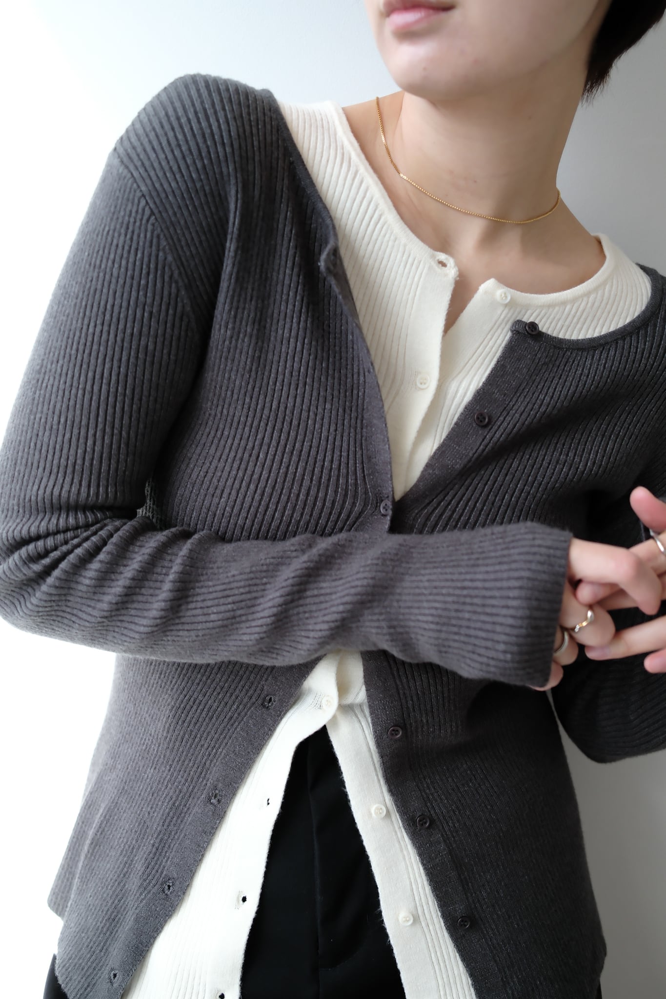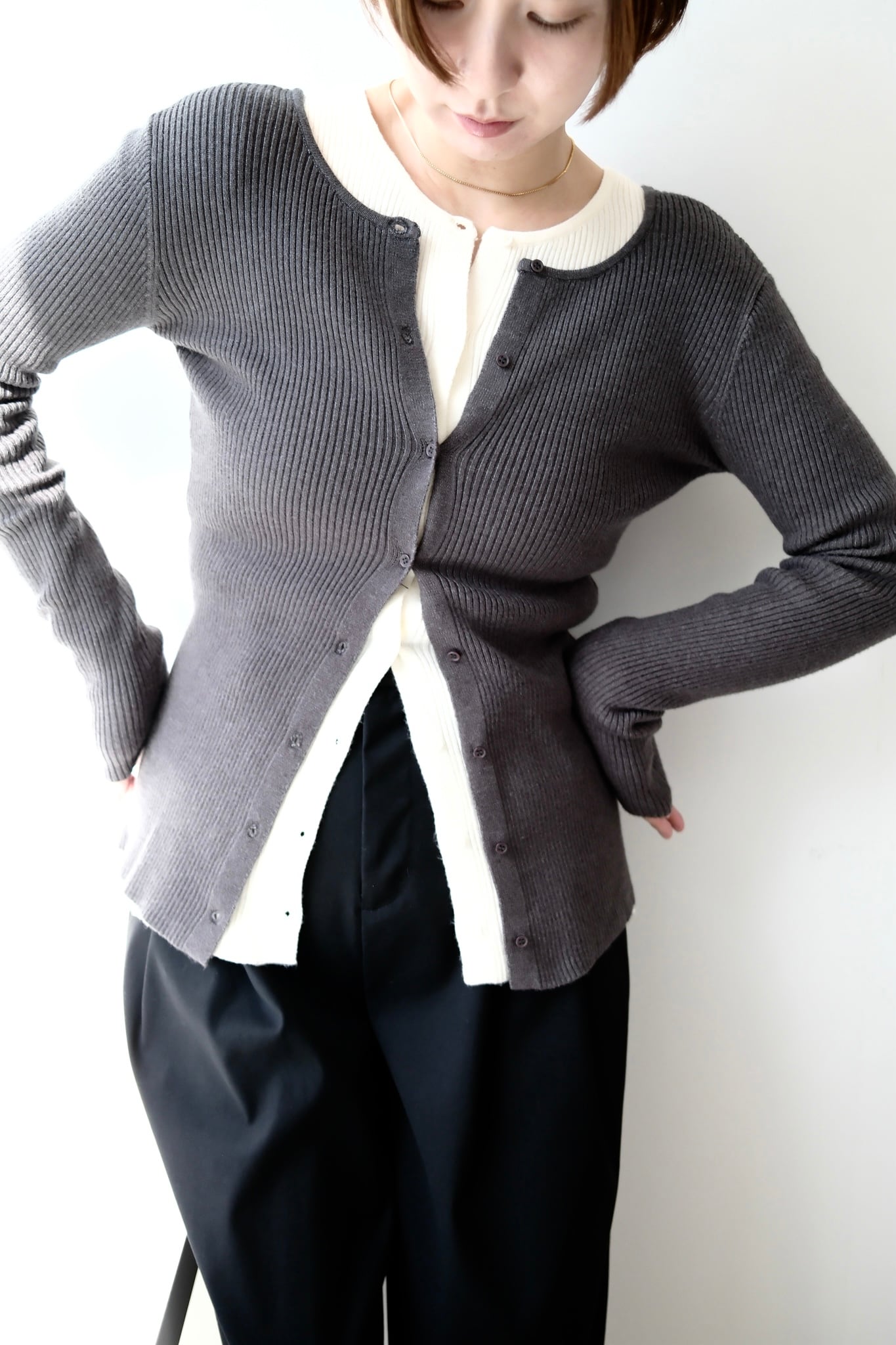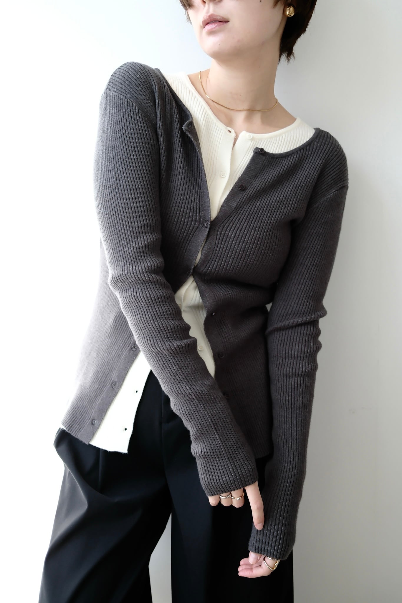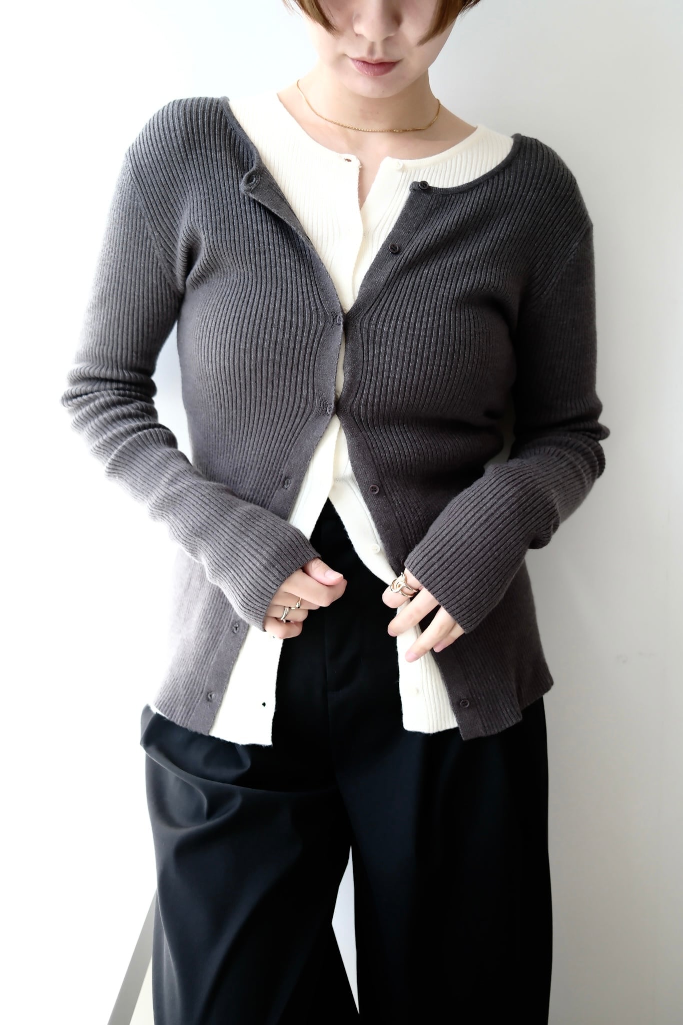 2WAY Rib Crew Neck Cardigan 前後2WAYリブ編みクルーネックカーディガン Charcoal
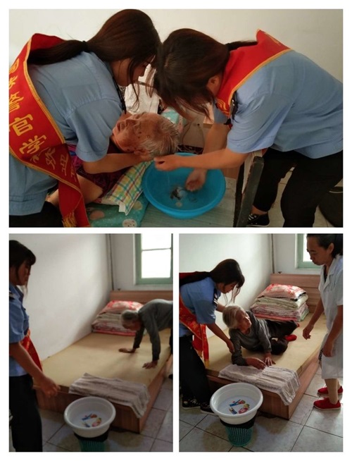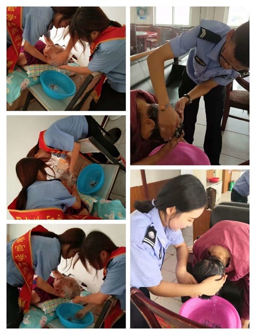 在敬老院中,志愿者們毫不嫌臟。耐心、仔細(xì)地幫助老人們洗腳、洗頭發(fā)、剪指甲。這些都讓同學(xué)們體會(huì)到了老一輩的孤獨(dú)、現(xiàn)在大家的幸福和自私。在那里盡同學(xué)們可能地多和老人聊天、談心,竭盡所能使老人感到溫暖。秦皇島山海關(guān)司法警官職業(yè)培訓(xùn)學(xué)校的學(xué)生們還幫助敬老院的職工一起打掃敬老院。雖然都滿頭大汗,但心里很高興,因?yàn)榇蠹倚睦锒加幸还勺院栏?。而這種自豪感不是在學(xué)校里能夠體會(huì)到的。
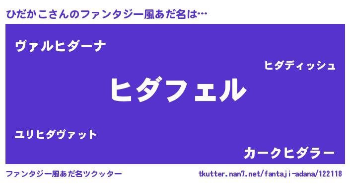 | 男性向けラノベタイトル風あだ名 | 『ひだかこの憂鬱』『魔弾の王とひだかこ』 |
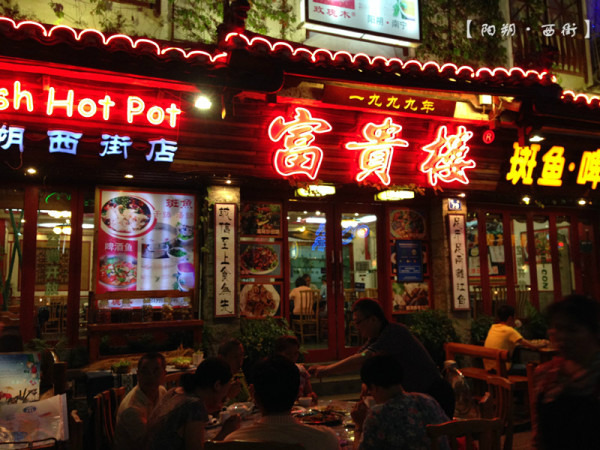 傍晚醒来准备出门找吃吃。一直觉着石斑鱼挺好吃的,所以到了桂林就想带着老婆去吃斑鱼火锅,原本计划去一家从别人攻略里找到的店吃,但老婆表示饿了,走不动了,就近吧。于是就就近去了富贵楼,那个传说中又一般又贵的店。
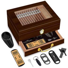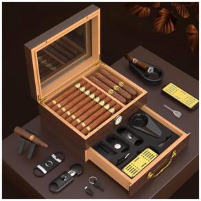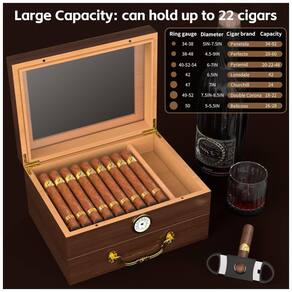 O conjunto de acessórios de luxo com gaveta desta umidora de charutos apresenta uma gaveta para armazenar acessórios essenciais para charutos. Ideal para fumantes de charutos, viagens com charutos e acessórios de charuto. Mantenha a umidade ideal com o higrômetro ajustável, monitorando a umidade entre 60 e 70, garantindo frescor ótimo para seus charutos. Feito de Cedro Espanhol de alta qualidade, esta umidora armazena até 2050 charutos, dependendo do calibre. Com selo magnético e dobradiças metálicas, garante um fechamento firme para preservar seus charutos. O divisor móvel e a tampa de vidro oferecem fácil visibilidade. Artesanal e portátil, perfeito para uso em mesa, viagens ou escritório. Funciona como um umidificador portátil, estojo de charutos ou um umidificador pequeno. Versátil e portátil, mantenha seus charutos frescos com esta umidora premium, ideal para fumantes de charutos e entusiastas de charutos.
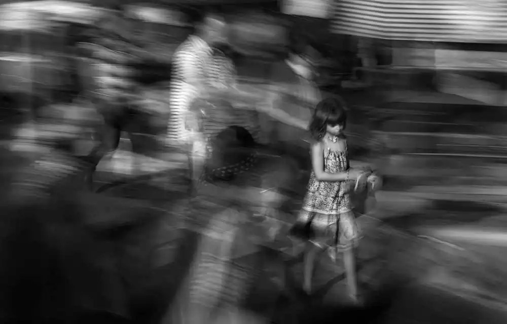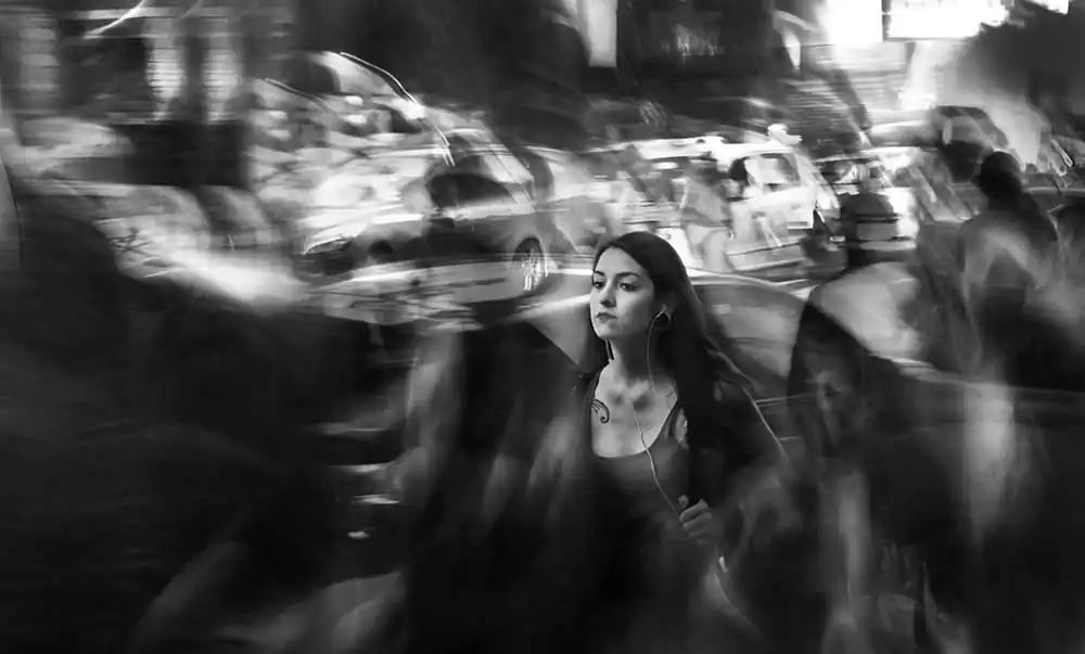 The differences that constitute people, create the scene for one of the most relevant aspects of life, the ability to see things from different points of view and as result be able to enter a world of decisions, that in part, we consider the most appropriate at the time. With this technique I reflect my hearing problem in the images, representing the noise of the city with movement and blur. [Official Website]
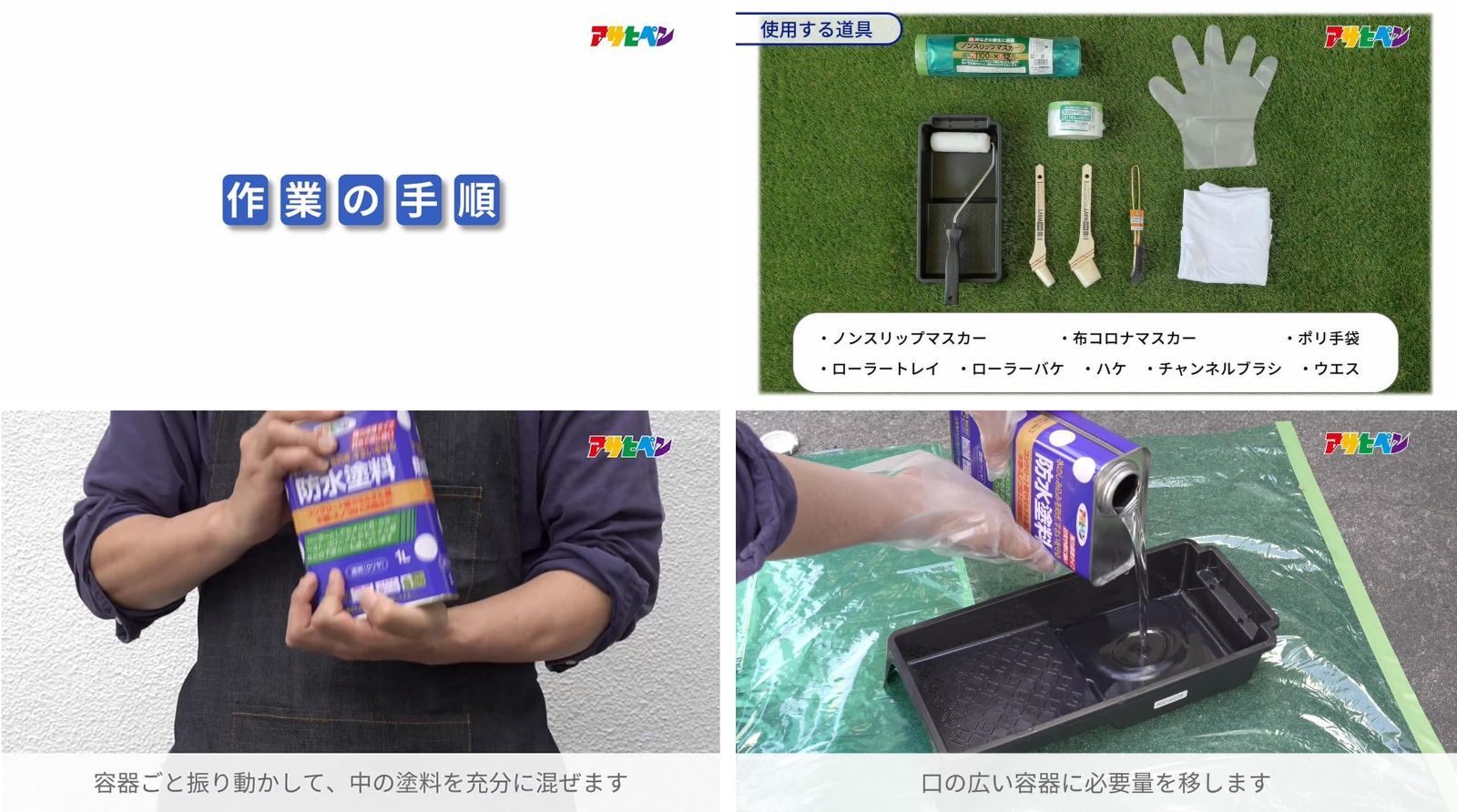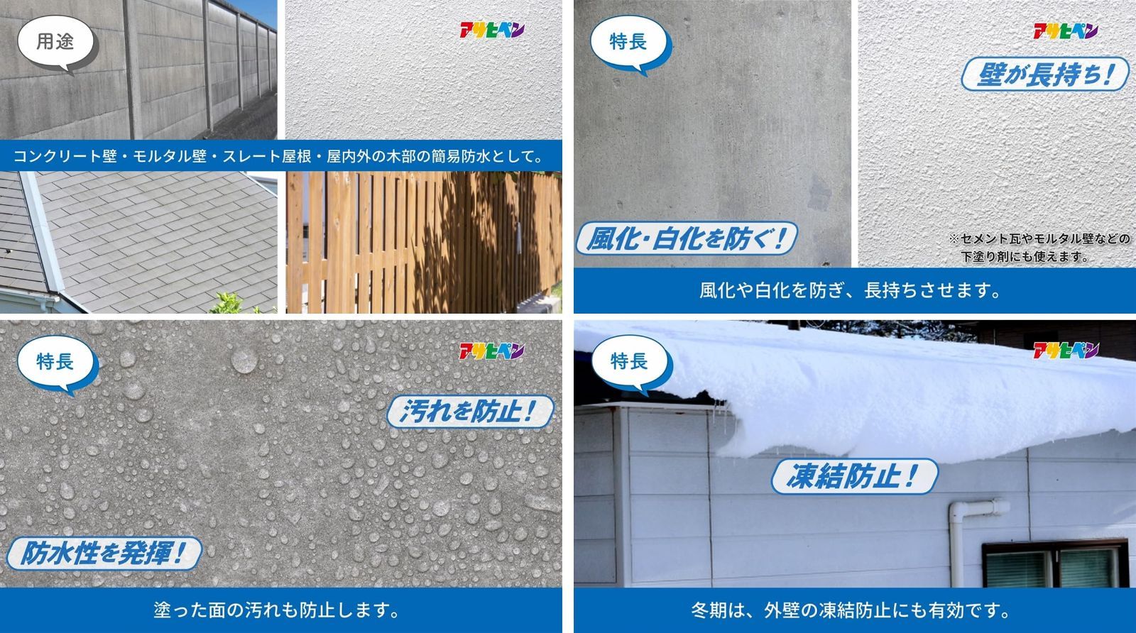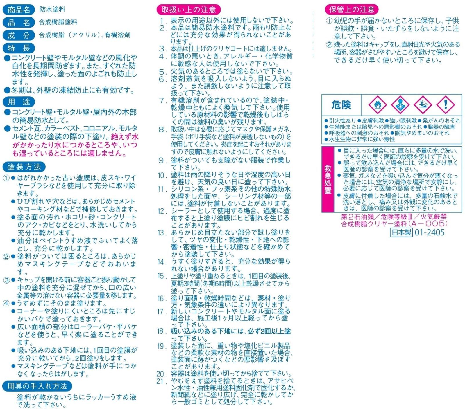用途:(屋内外区分:屋外用)コンクリート壁やモルタル壁、木部、スノコなどの防水に。シーラーとしてセメント瓦・カラーベスト、コロニアルなどの下塗りに。モルタル壁などの下塗りに。

▸ What needs to be done: Give again the lines of the listing above that run from the one with "在敬老院中,志愿者們毫不嫌臟" up to and including the one with "傍晚醒来准备出门找吃吃。一直". Keep them exact and omit the pictures.

▸ Expected output:
 在敬老院中,志愿者們毫不嫌臟。耐心、仔細(xì)地幫助老人們洗腳、洗頭發(fā)、剪指甲。這些都讓同學(xué)們體會(huì)到了老一輩的孤獨(dú)、現(xiàn)在大家的幸福和自私。在那里盡同學(xué)們可能地多和老人聊天、談心,竭盡所能使老人感到溫暖。秦皇島山海關(guān)司法警官職業(yè)培訓(xùn)學(xué)校的學(xué)生們還幫助敬老院的職工一起打掃敬老院。雖然都滿頭大汗,但心里很高興,因?yàn)榇蠹倚睦锒加幸还勺院栏?。而這種自豪感不是在學(xué)校里能夠體會(huì)到的。
 | 男性向けラノベタイトル風あだ名 | 『ひだかこの憂鬱』『魔弾の王とひだかこ』 |
 傍晚醒来准备出门找吃吃。一直觉着石斑鱼挺好吃的,所以到了桂林就想带着老婆去吃斑鱼火锅,原本计划去一家从别人攻略里找到的店吃,但老婆表示饿了,走不动了,就近吧。于是就就近去了富贵楼,那个传说中又一般又贵的店。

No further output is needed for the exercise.